Uma vez convivendo de maneira dependente com o capitalismo industrial liderado pelos interesses do governo e do empresariado industrial da Inglaterra, e a consequente expansão da relação entre trabalho assalariado e consumo, no século XIX, toda a produção escravista era cada vez mais adquirida pelos salários dos proletários. A consolidação das elites senhorias e suas formas de se relacionar com as ações de escravos, libertos e africanos livres não são, para Tomich, estáticas e meros detalhes, bem como suas estratégias de, em meio à emergência de opções nacionalistas de organização territorial, projetos de hegemonia política, garantido um lugar privilegiado na nova divisão internacional da produção e do trabalho. Sobre a expansão internacional do capitalismo, terra, escravidão e tecnologia são termos essenciais para o entendimento da visão de Tomich acerca do século XIX. Isso porque há capítulos em que o autor demonstra, através de estudos de caso, como os diversos fatores do capitalismo industrial foram operados em escala local. No caso da Martinica, por exemplo, senhores que eram contrários aos usos que seus escravos faziam de pedaços de terras, ao plantarem não apenas para consumo próprio, mas sim para também abastecerem os mercados próximos. Com o passar dos anos, os proprietários viram ser essa a forma mais interessante, para a garantia de lucros maiores, de alimentar os escravos, desonerando a sua produção. Contudo, criava-se, assim, o tempo como uma variável de negociação entre os escravos e seus senhores no que tangia à quantidade que dele investiam para produzir o que em com quais objetivos.
No caso de Cuba, o autor adota o entendimento do processo de formação do capitalismo internacional como forma de dar sentido aos mecanismos pelos quais foi estabelecida a produção açucareira. Sucessos e fracassos, formas de trabalho, lucros e prejuízos, usos tecnológicos e suas adaptações, são termos matizados, sempre no plural, em experiências sociais simultâneas ocorrendo num mesmo lugar ou não no processo de produção capitalista, nas análises de Tomich. Daí a comparação ser um método central em suas pesquisas, porque as mesmas questões são vividas e reinventadas em sincronias e diacronias na economia mundial capitalista. Esse livro não é recomendado para os pesquisadores que desejam manter-se em suas zonas de conforto teóricas e metodológicas.

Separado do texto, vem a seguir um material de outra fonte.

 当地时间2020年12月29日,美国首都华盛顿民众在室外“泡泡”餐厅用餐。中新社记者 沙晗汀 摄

Esse livro incomoda porque o autor questionou cânones da historiografia sem o medo de suas repercussões ou supostas covardias acadêmicas. O campo de Tomich não é o da reprodução alienada das ideias, mantendo certas fórmulas inquestionáveis de se fazer historiografia e ciências sociais, substituindo termos e fontes para manter as premissas e transformando-as em óbvias conclusões. Ele também não elege um inimigo, espécie de sparring, acadêmico para, através de ironias fora de lugar, construir seus pontos de vista. Por isso, volto a dizer, o autor leu os demais pesquisadores em seus termos, avaliando quais os tipos de fontes que utilizaram, quando fosse o caso, e quais interlocuções buscaram para fundamentar suas considerações e conclusões. Em momento algum Tomich os descarta junto com suas obras. Ele as utiliza para ir além, para esclarecer pontos que acha ainda serem obscuros nas suas pesquisas, servindo-se deles como fontes de inspiração.

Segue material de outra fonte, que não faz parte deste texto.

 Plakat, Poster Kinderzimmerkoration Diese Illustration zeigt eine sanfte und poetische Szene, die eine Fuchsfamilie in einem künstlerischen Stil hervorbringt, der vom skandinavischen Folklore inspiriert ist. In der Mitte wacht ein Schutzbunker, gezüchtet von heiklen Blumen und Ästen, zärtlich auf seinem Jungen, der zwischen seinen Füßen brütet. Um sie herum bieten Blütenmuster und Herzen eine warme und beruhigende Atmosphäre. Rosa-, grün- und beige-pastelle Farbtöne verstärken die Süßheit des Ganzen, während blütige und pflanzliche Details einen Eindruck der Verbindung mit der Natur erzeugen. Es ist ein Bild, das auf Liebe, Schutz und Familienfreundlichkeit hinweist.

Temas outros que tangenciam os debates acerca das relações entre o revigoramento do comércio e da exploração da mão de obra do escravo africano e de seus descendentes operam como pilares de sustentação em cada capítulo do livro. São eles, por exemplo, as preocupações de autoridades políticas e senhoriais com os rumos de suas formas de lucro em empreendimentos agrários na economia capitalista mundial, possibilidades de transporem barreiras políticas e administrativas para compreender a composição das novas arquiteturas dos meios de produção, e os sentidos sociais, as condições de possibilidade e as consequências em escalas local e global da adoção da produção escravista em meio ao capitalismo industrial, valorizando as formas de se distribuir mercadorias perecíveis de maneira eficaz para o capitalista.
Resenhista
Luiz Alberto Couceiro – Pós-Doutor em Antropologia Social pelo PPGAS-MN/UFRJ. Professor Adjunto I em Sociologia & Antropologia na UFRJ – campus Macaé. E-mail: luizalbertocouceiro@gmail.com
Referências desta Resenha
TOMICH, Dale W. Pelo prisma da escravidão: trabalho, capital e economia mundial. São Paulo: EdUSP, 2011. Resenha de: COUCEIRO, Luiz Alberto. Revista de História Comparada. Rio de Janeiro, v.7, n.1, p.340-344, 2013. Acessar publicação original [DR]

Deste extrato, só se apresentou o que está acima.